Constructions like ‘‘I recognize that X’’ are often called factive, since the entailment (of X above, regarded as a presupposition) persists even under negation. Constructions like ‘‘I am refusing to do X’’ above are often called implicative, and are sensitive to negation. There are also cases where a sentence (non-)entails the existence of an entity mentioned in it, for example ‘‘I have found a unicorn’’ entails ‘‘A unicorn exists’’ while ‘‘I am looking for a unicorn’’ doesn’t necessarily entail ‘‘A unicorn exists’’. Readings where the entity does not necessarily exist are often called intensional readings, since they seem to deal with the properties denoted by a description (its intension) rather than being reducible to the set of entities that match the description (its extension, which in cases of non-existence will be empty).
We place all examples involving these phenomena under the label of Factivity. While it often depends on context to determine whether a nested proposition or existence of an entity is entailed by the overall statement, very often it relies heavily on lexical triggers, so we place the category under Lexical Semantics.

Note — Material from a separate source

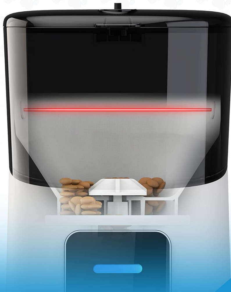
Image: A close-up view of the infrared sensors located inside the Pretty Paws feeder's food container, which detect when the food level is low.

Some propositions denote symmetric relations, while others do not. For example, ‘‘John married Gary’’ entails ‘‘Gary married John’’ but ‘‘John likes Gary’’ does not entail ‘‘Gary likes John’’. Symmetric relations can often be rephrased by collecting both arguments into the subject: ‘‘John met Gary’’ entails ‘‘John and Gary met’’. Whether a relation is symmetric, or admits collecting its arguments into the subject, is often determined by its head word (e.g., ‘‘like’’, ‘‘marry’’ or ‘‘meet’’), so we classify it under Lexical Semantics.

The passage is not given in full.